Positive and Negative Test Interpretation
A positive Scour Test may increase suspicion that compressed hip movement is relevant to the client’s symptoms. This may support assessment reasoning around intra-articular hip involvement, especially when the test reproduces familiar groin pain, painful clicking, catching or the client’s typical symptoms.
However, a positive Scour Test does not confirm a labral tear, cartilage lesion, FAI syndrome, hip osteoarthritis or any other specific condition.

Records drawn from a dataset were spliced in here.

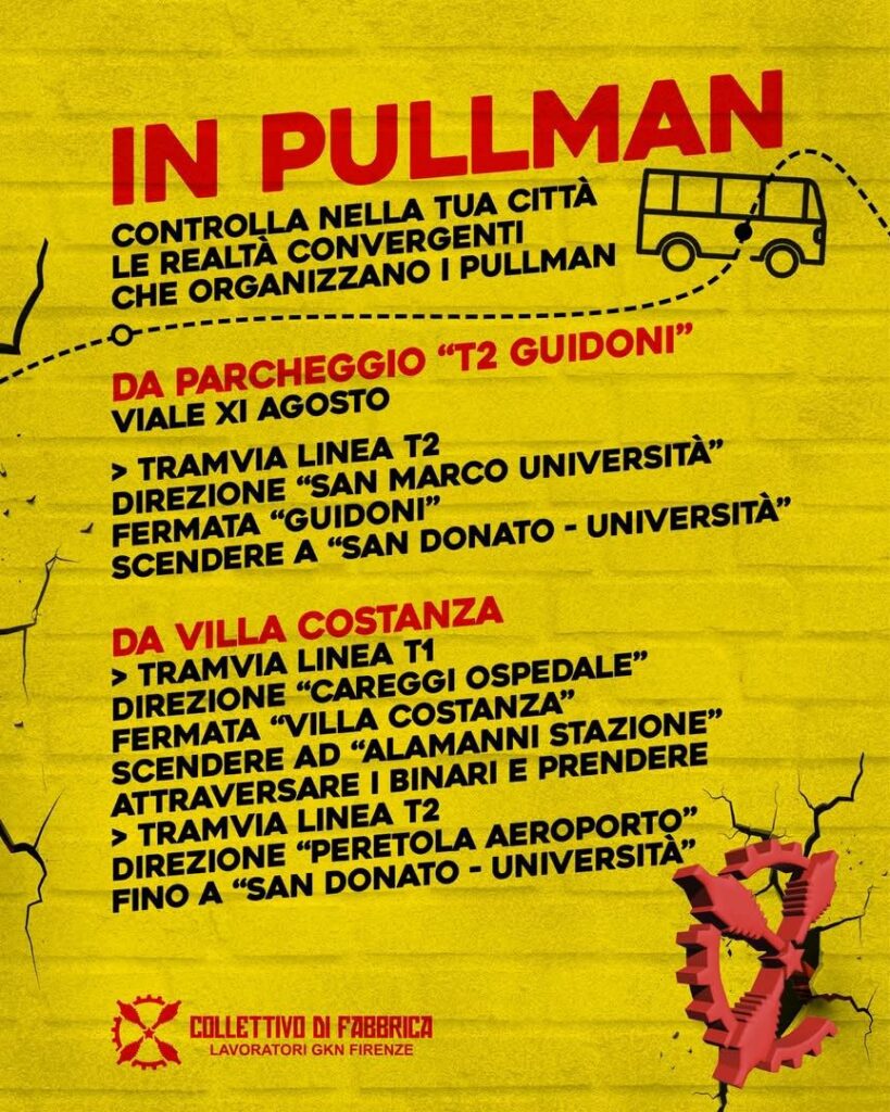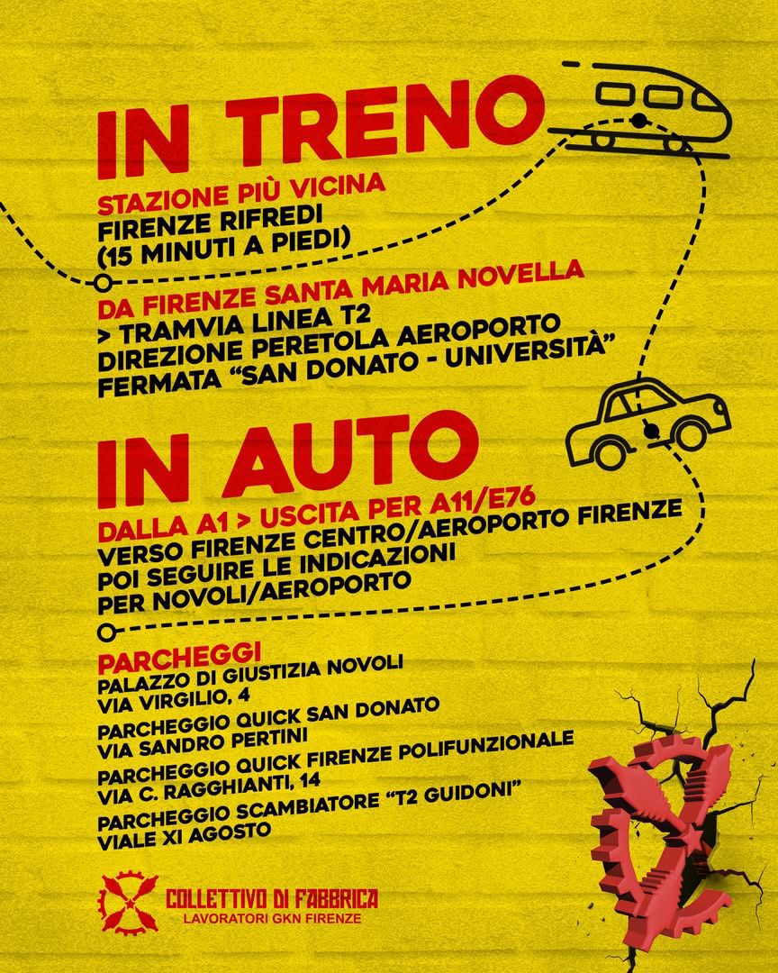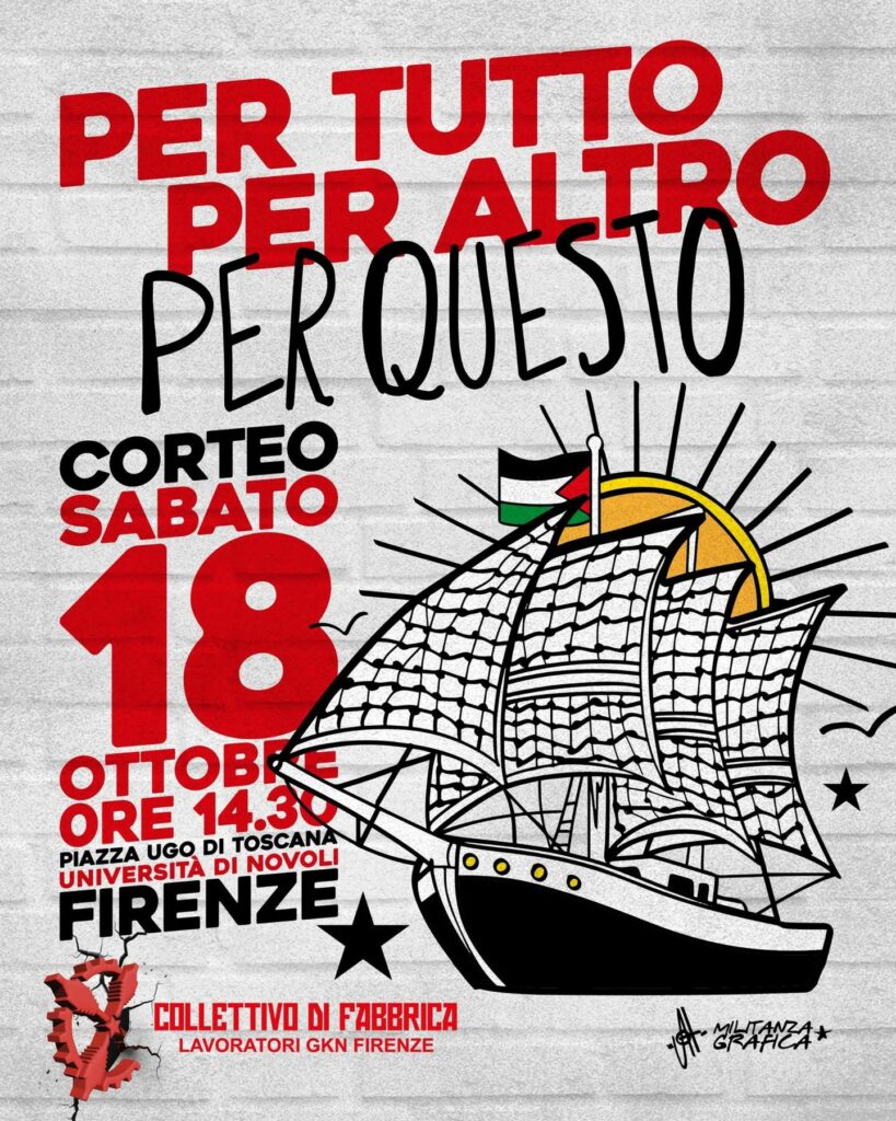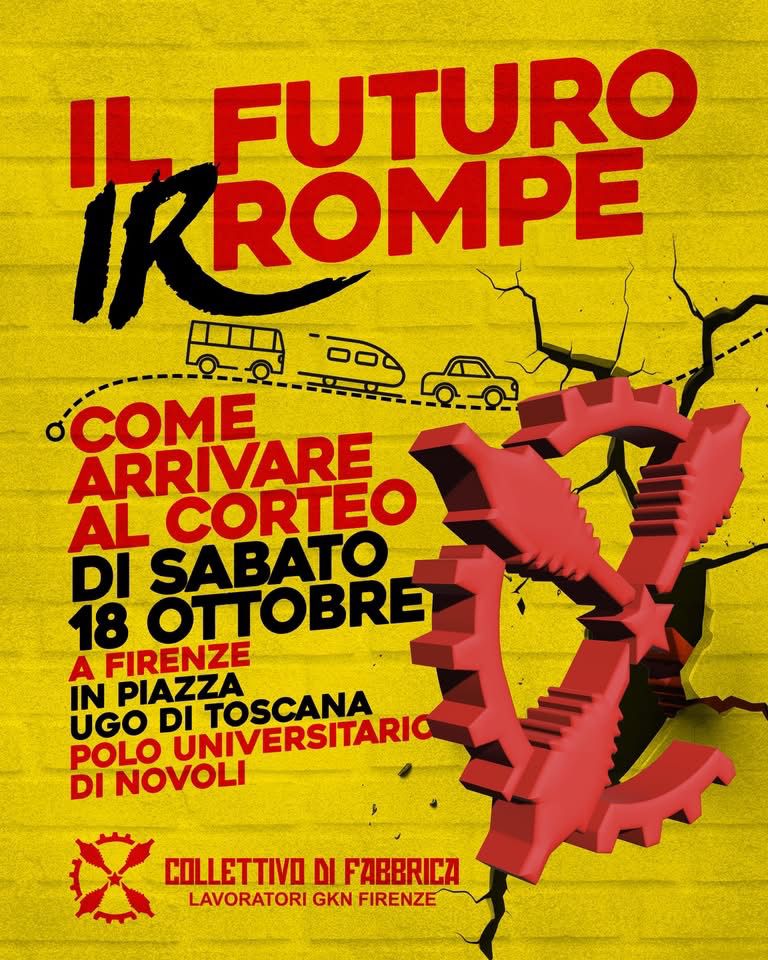 sabato 18 ottobre dalle 14.30 corteo a Firenze (concentramento in piazza Ugo di Toscana, all’interno dell’Università di Novoli) e poi domenica 19 ottobre dalle 10 alle 16 al presidio ex Gkn di Campi Bisenzio, per una giornata di convergenza con le comunità energetiche, potenziali clienti del piano industriale della ex Gkn.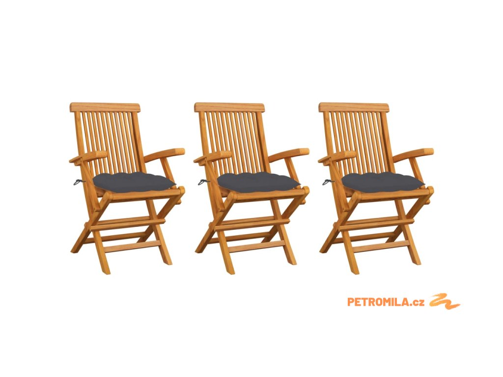 Zahradní židle s antracitovými poduškami 3 ks masivní teak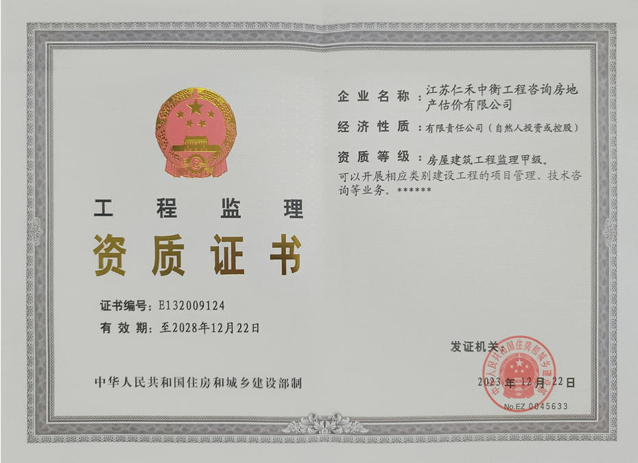 - 房屋建筑監(jiān)理甲級(jí)證書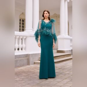 Vestido Largo escote en V y Capa – Couture Club

The test compresses and moves the hip through multiple positions, so symptoms may be influenced by several structures and factors.
A negative Scour Test may reduce suspicion that compressed passive hip motion is a major symptom driver in that session. However, a negative result does not fully exclude hip involvement, especially if symptoms occur during higher-load activities such as running, pivoting, kicking or deep squatting.
The finding is more meaningful when interpreted with:
- History
- Pain location
- Mechanical symptoms
- Hip range of motion
- FABER
- FADIR
- Log Roll Test
- Fitzgerald Test
- Hip strength
- Squat or lunge assessment
- Gait and sport-specific tasks
- Imaging where relevant
Sensitivity, Specificity and Diagnostic Accuracy
Diagnostic accuracy for the Scour Test varies by population, target condition, test definition and reference standard.
Systematic review evidence on hip physical examination tests indicates that most individual hip tests have weak diagnostic properties when used alone, with few tests supported as stand-alone decision-making tools. This means the Scour Test should be interpreted cautiously and as part of a broader cluster.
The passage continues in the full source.